§ **EXERCISE GOAL**:
The answer must be an exact copy of the lines from the one with "The Masson Bridge" to the last line of the entries below, both included, and must contain no pictures.

*** Opening of THE RECORDS ***

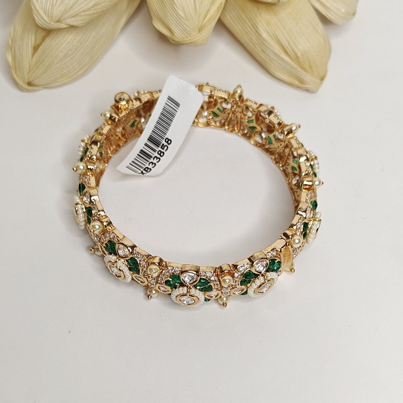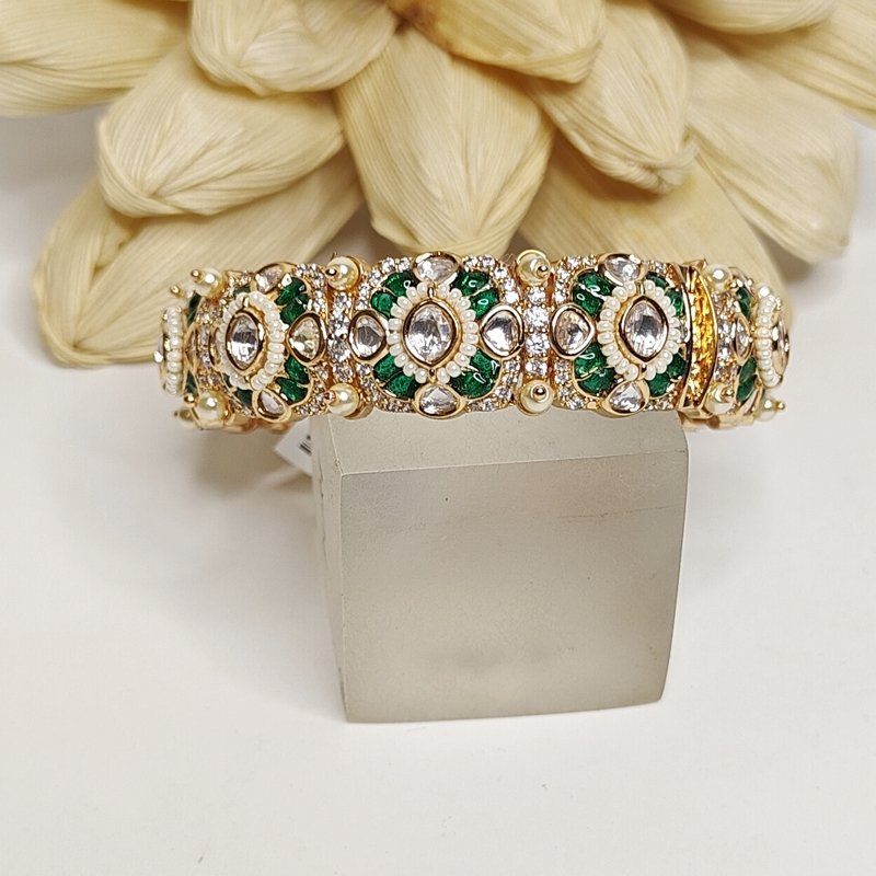 This statement bangle features green pota stones, star CZ, and uncut silver foil polki stones .A beautiful piece which can we worn on any occasion and goes with maximum colours
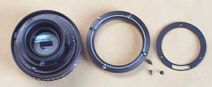 まあめんどい仕組みを頭だけで考えず右側の画像のようにビスを3本を外します。画像は105mmのレンズですが75mmも同じです。105mmの場合後ろ玉を外さないとマウント部分が外れませんが75mmはもっと簡単です。 |
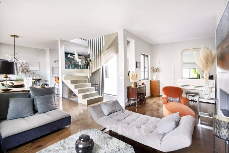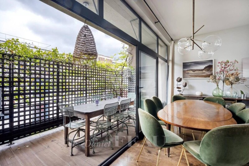 This entirely renovated property is located between the Damrémont and Jules Joffrin neighbourhoods. It includes an entry with a cloakroom, a bedroom opening onto a patio, a utility room, and a near 20 sqm two-room apartment with a living room, an open-plan kitchen, a bedroom and a shower room. upstairs are two further bedrooms with a bathroom, and a master bedroom with a shower room and dressing room. A spacious living/reception room with a fireplace and a kitchen with dining facilities opening onto a terrace are upstairs. The top floor comprises two further bedrooms (one with a shower room), and a wide second terrace. Parking spaces are nearby. With a large basement cellar and technical premises. État des risques et pollution: en cours (null).
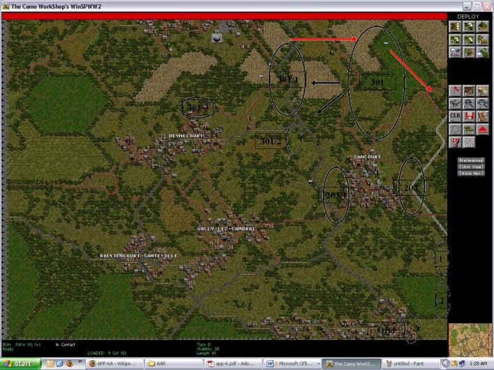 In the southern end of the map I also expected an enemy recon force, but not in strength. My intel was wrong here to. More to follow.
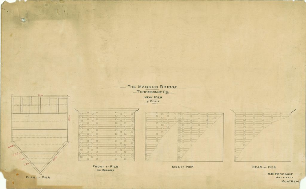 The Masson Bridge Terrebonne P. Q. New Pier, [Vers 18 août 1885], Archives nationales à Montréal, Fonds Cour supérieure. District judiciaire de Montréal. Greffes d'arpenteurs, (06M,CA601,S53,SS3,P1405), H. M. Perrault.
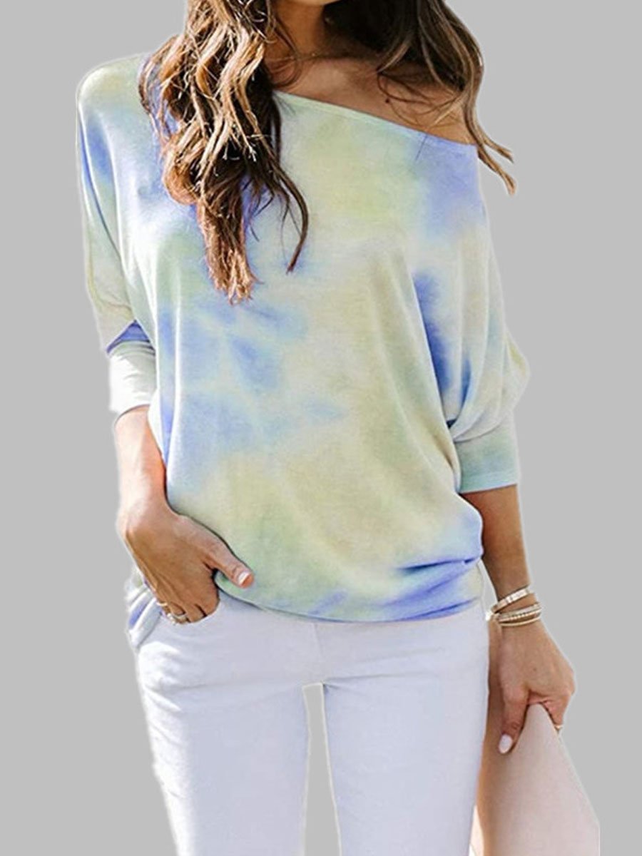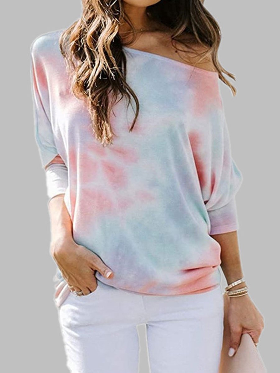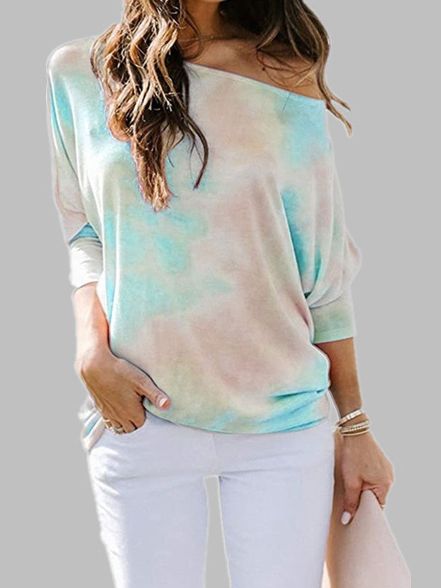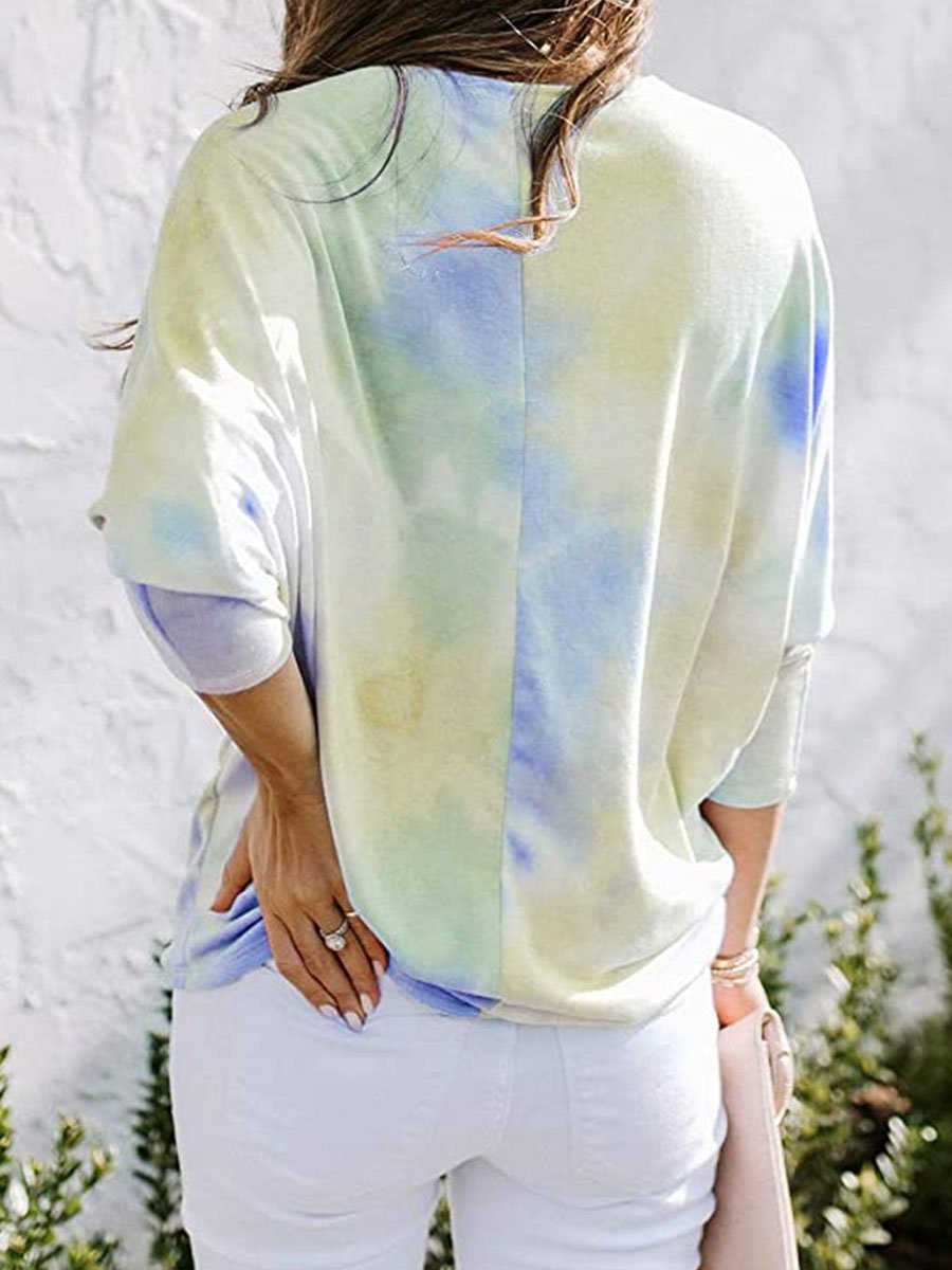 Tie-dyed Round Neck Loose Casual Long-sleeved T-shirt
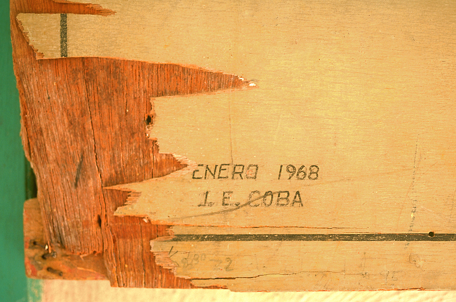 Inscribed "ENERO [January] 1968 / J. E. COBA"; the surface of board chipping off.       Jan. 2002
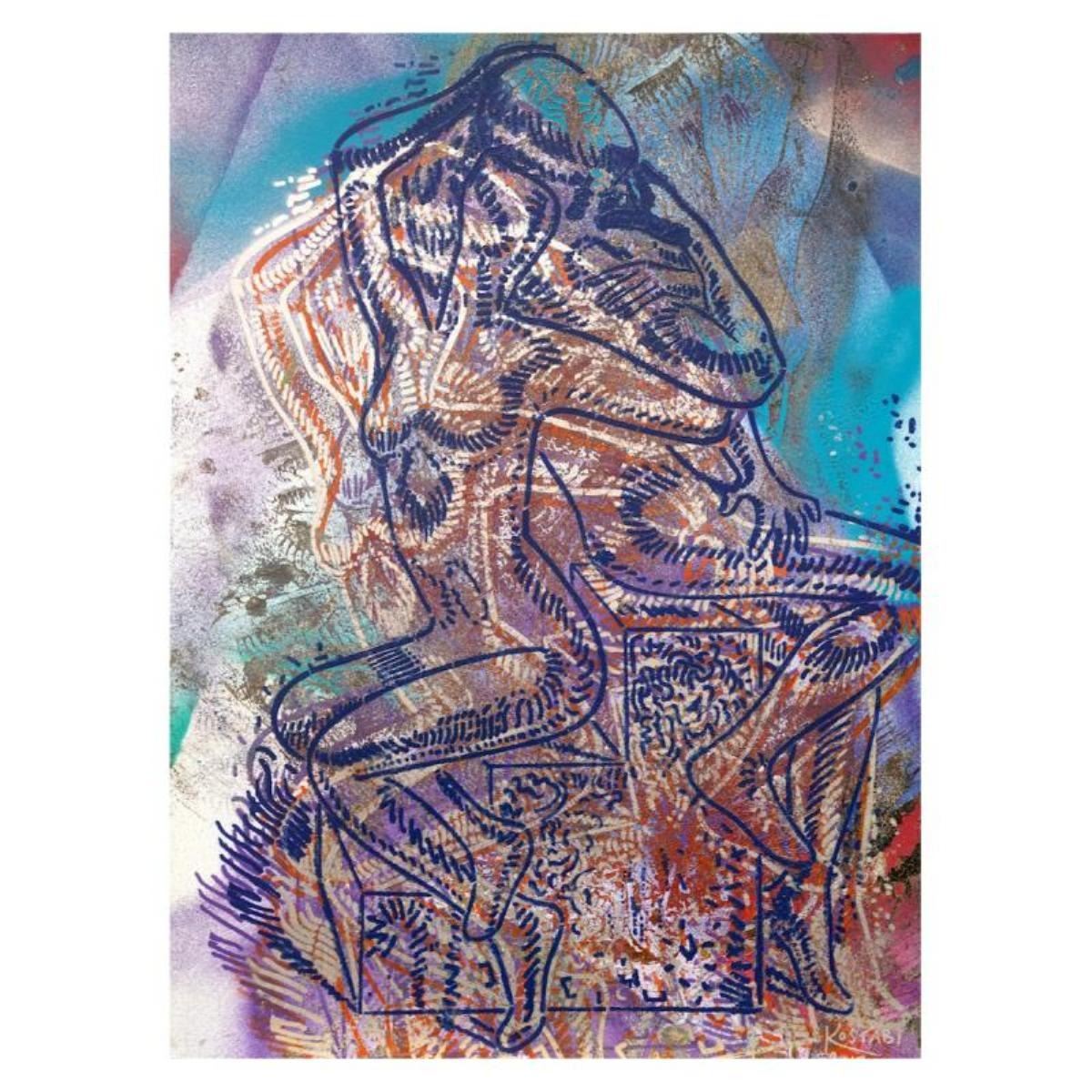 "Eternal Embrace (Mediterranean)" is a mixed media original painting on paper, by Mark Kostabi. The piece is hand signed and comes with a certificate of authenticity. Measures approximately 30" x 22.5".

*** Close of THE RECORDS ***

§ **ANSWER TO THE PROBLEM**:
 The Masson Bridge Terrebonne P. Q. New Pier, [Vers 18 août 1885], Archives nationales à Montréal, Fonds Cour supérieure. District judiciaire de Montréal. Greffes d'arpenteurs, (06M,CA601,S53,SS3,P1405), H. M. Perrault.
 Tie-dyed Round Neck Loose Casual Long-sleeved T-shirt
 Inscribed "ENERO [January] 1968 / J. E. COBA"; the surface of board chipping off.       Jan. 2002
 "Eternal Embrace (Mediterranean)" is a mixed media original painting on paper, by Mark Kostabi. The piece is hand signed and comes with a certificate of authenticity. Measures approximately 30" x 22.5".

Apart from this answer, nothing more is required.